= Elsbeth Dimsdale =

Dimsdale in 1923

Elsbeth Dimsdale CBE (17 December 1871 – October 1949), born Elsbeth Philipps, was a British health campaigner, University Lecturer and Liberal politician.

==Early life and education==
Dimsdale was the daughter of James Erasmus Philipps, vicar of Warminster and prebendary of Salisbury Cathedral; her older brother, John, later became a Member of Parliament and was made a viscount. She studied at Somerville College, Oxford, where she received a first-class honours degree, and subsequently became the first woman to receive a college fellowship at the University of Cambridge. While at Cambridge, she founded the Women's University Club.

== Career ==
In 1902, Elsbeth married Marcus Dimsdale, and she began working for the Ministry of Health, while also undertaking voluntary work for Cambridgeshire County Council relating to public health. She gave birth to her fifth child in 1912, but the baby died of tuberculosis, and she thereafter focused her attention on the disease, founding the Papworth Tuberculosis Colony, and also campaigning to ensure TB was not present in milk for human consumption.

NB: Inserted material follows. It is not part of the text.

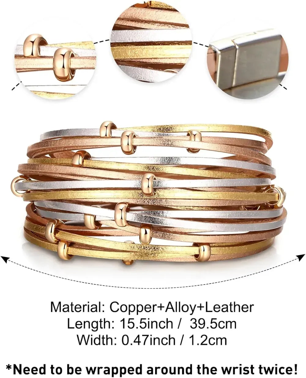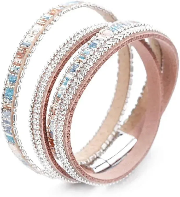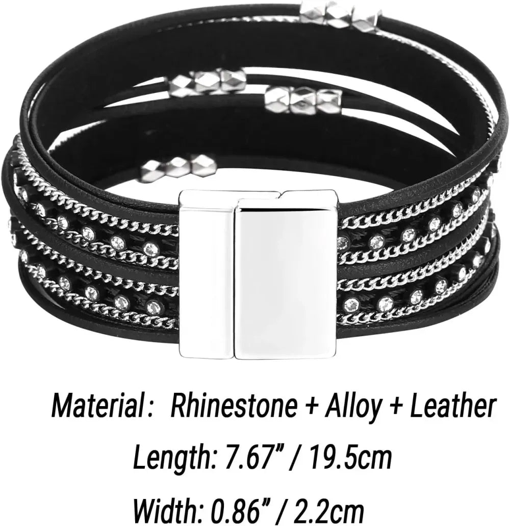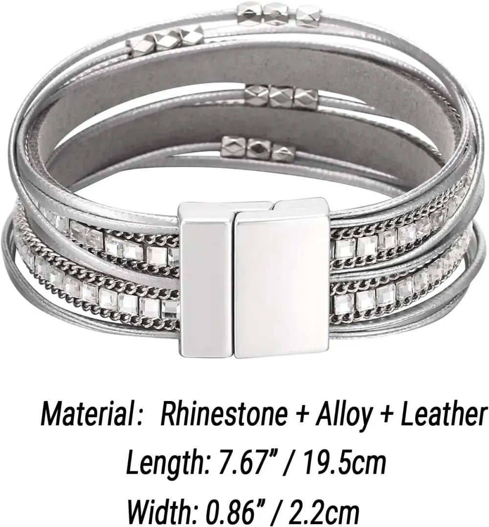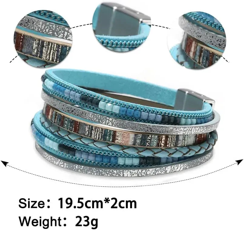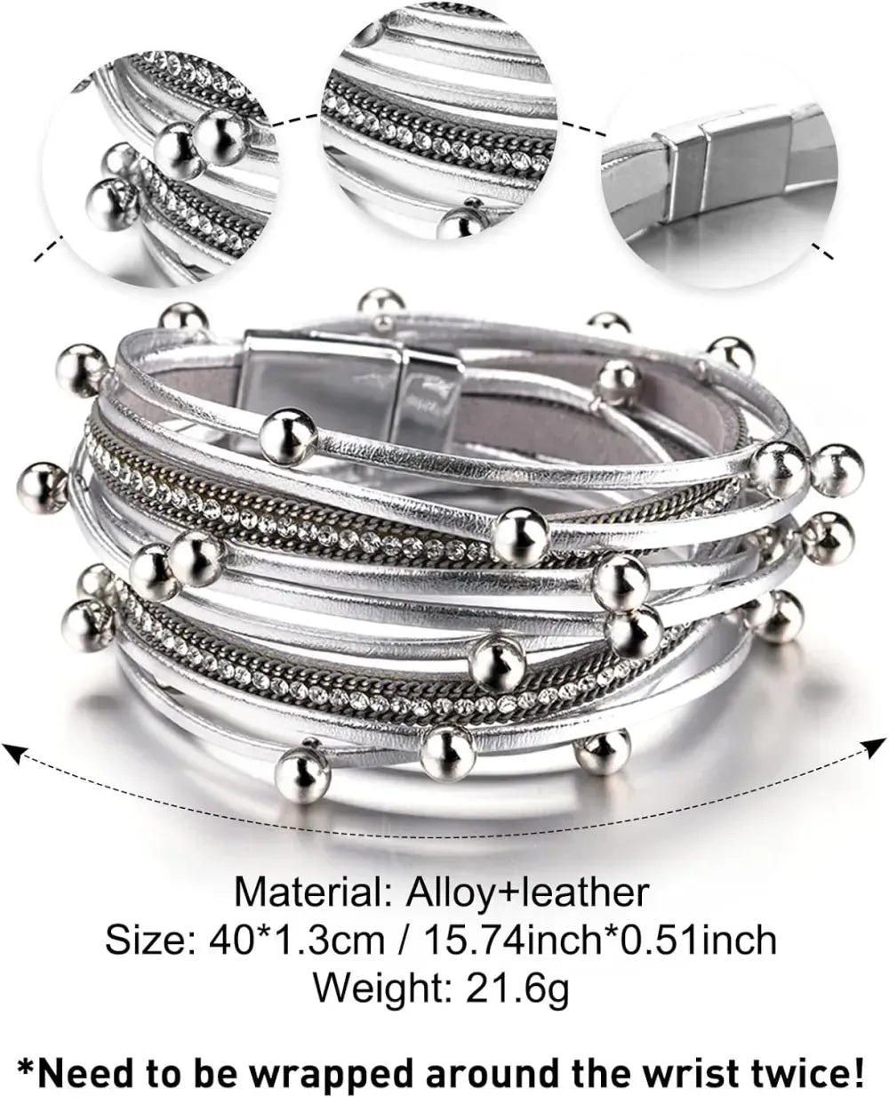 Fesciory Leather Wrap Bracelets for Women, Boho Leopard Multi-Layer Crystal Beads Cuff Bracelet Jewelry

For this work, she was made a Commander of the Order of the British Empire.

==Politics==
Dimsdale was active in the Cambridgeshire Liberal Association, whose MP, Edwin Montagu, was a member of the Coalition government led by David Lloyd George. He, the local Liberal association and Dimsdale all went over to the newly formed National Liberal Party in 1922. She took an active part in the affairs of the new party at a national level, and was appointed as a joint Honorary Secretary of the Council of the National Liberal Party.

Montagu lost his seat at the 1922 General Election and chose to retire from politics. Dimsdale was selected to succeed him as candidate and following the merger of the two Liberal factions, she became Liberal Party candidate at the 1923 general election. She failed to win back the seat and did not run for parliament again.

General Election 1923: Cambridgeshire
| Party |  | Candidate | Votes | % | ±% |
|---|---|---|---|---|---|
|  | Unionist | Richard Briscoe | 11,710 | 43.6 | +5.6 |
|  | Labour | A. E. Stubbs | 8,554 | 31.8 | −3.5 |
|  | Liberal | Elsbeth Dimsdale | 6,619 | 24.6 | −2.1 |
| Majority |  |  | 3,156 | 11.8 | +8.1 |
| Turnout |  |  | 26,883 | 72.5 | +1.7 |
|  | Unionist hold |  | Swing | +4.6 |  |

She served as a Liberal member of Cambridgeshire County Council for some years.

During World War II, Dimsdale hoped to organise the evacuation of some British children to Canada.